Strip the pictures and reproduce the rest of the listing exactly.

•••

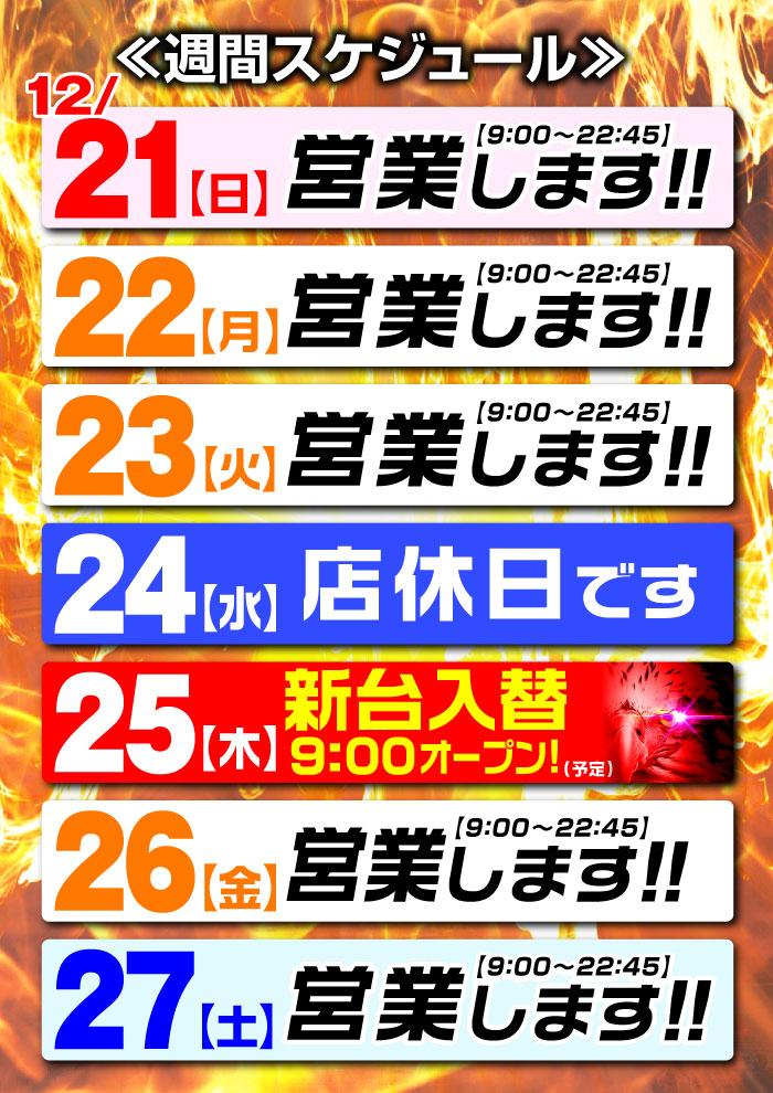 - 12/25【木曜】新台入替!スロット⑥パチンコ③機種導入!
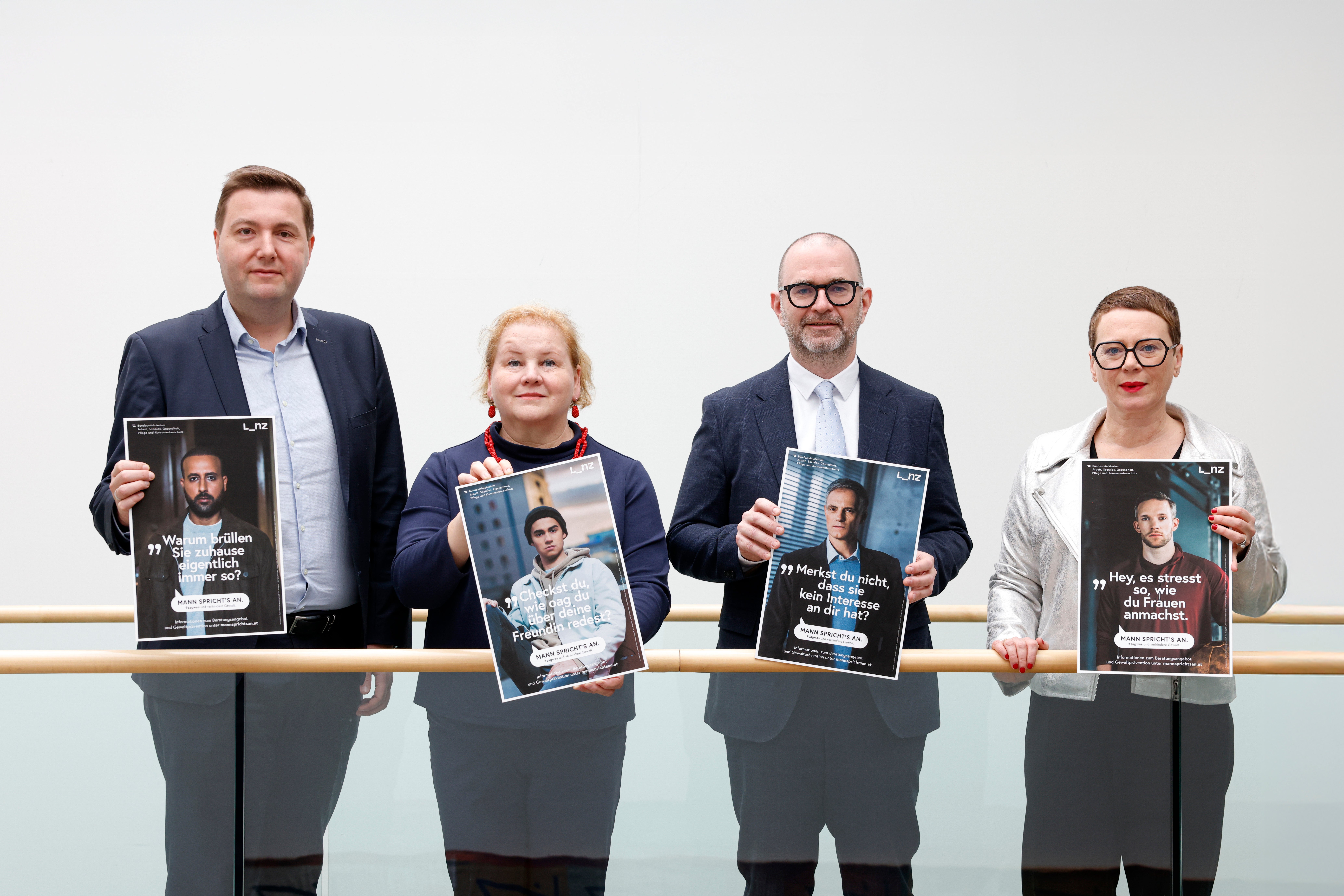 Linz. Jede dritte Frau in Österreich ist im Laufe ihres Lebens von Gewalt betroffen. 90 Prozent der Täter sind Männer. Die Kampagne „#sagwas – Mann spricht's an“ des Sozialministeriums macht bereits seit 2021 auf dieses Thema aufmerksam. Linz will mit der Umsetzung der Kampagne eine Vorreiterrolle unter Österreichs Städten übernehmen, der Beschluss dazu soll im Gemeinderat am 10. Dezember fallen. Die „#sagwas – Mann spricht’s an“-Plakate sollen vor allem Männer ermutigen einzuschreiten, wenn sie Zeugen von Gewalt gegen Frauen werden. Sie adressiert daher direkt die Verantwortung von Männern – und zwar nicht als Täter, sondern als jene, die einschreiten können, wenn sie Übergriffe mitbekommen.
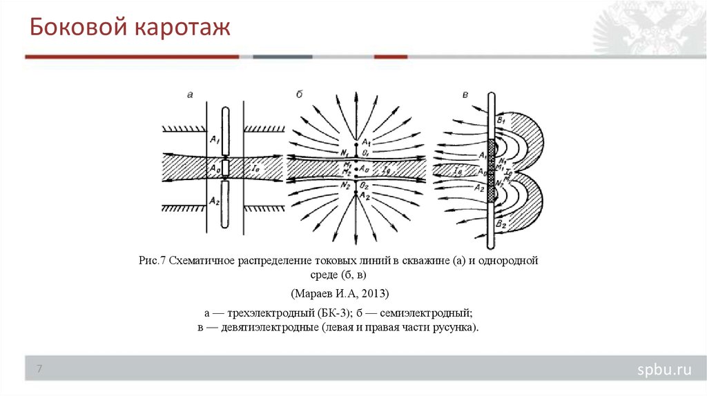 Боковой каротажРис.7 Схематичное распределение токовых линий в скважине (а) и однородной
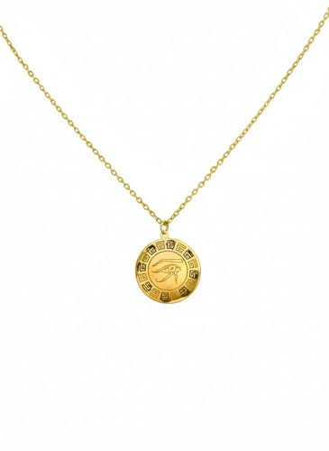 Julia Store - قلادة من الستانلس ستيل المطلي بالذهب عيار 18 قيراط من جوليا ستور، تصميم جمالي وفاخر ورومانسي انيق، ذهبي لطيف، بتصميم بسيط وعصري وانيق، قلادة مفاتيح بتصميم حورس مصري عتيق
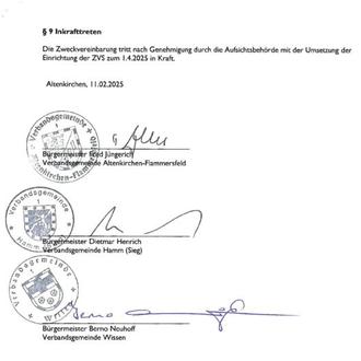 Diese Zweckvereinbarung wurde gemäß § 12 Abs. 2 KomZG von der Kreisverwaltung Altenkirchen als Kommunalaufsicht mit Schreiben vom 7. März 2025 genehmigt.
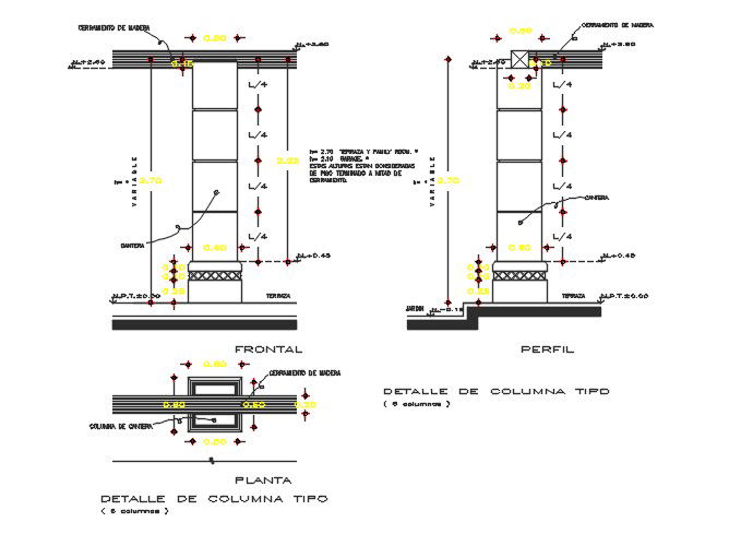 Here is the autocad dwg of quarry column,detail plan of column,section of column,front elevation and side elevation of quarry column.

•••

■ Result of the exercise
 - 12/25【木曜】新台入替!スロット⑥パチンコ③機種導入!
 Linz. Jede dritte Frau in Österreich ist im Laufe ihres Lebens von Gewalt betroffen. 90 Prozent der Täter sind Männer. Die Kampagne „#sagwas – Mann spricht's an“ des Sozialministeriums macht bereits seit 2021 auf dieses Thema aufmerksam. Linz will mit der Umsetzung der Kampagne eine Vorreiterrolle unter Österreichs Städten übernehmen, der Beschluss dazu soll im Gemeinderat am 10. Dezember fallen. Die „#sagwas – Mann spricht’s an“-Plakate sollen vor allem Männer ermutigen einzuschreiten, wenn sie Zeugen von Gewalt gegen Frauen werden. Sie adressiert daher direkt die Verantwortung von Männern – und zwar nicht als Täter, sondern als jene, die einschreiten können, wenn sie Übergriffe mitbekommen.
 Боковой каротажРис.7 Схематичное распределение токовых линий в скважине (а) и однородной
 Julia Store - قلادة من الستانلس ستيل المطلي بالذهب عيار 18 قيراط من جوليا ستور، تصميم جمالي وفاخر ورومانسي انيق، ذهبي لطيف، بتصميم بسيط وعصري وانيق، قلادة مفاتيح بتصميم حورس مصري عتيق
 Diese Zweckvereinbarung wurde gemäß § 12 Abs. 2 KomZG von der Kreisverwaltung Altenkirchen als Kommunalaufsicht mit Schreiben vom 7. März 2025 genehmigt.
 Here is the autocad dwg of quarry column,detail plan of column,section of column,front elevation and side elevation of quarry column.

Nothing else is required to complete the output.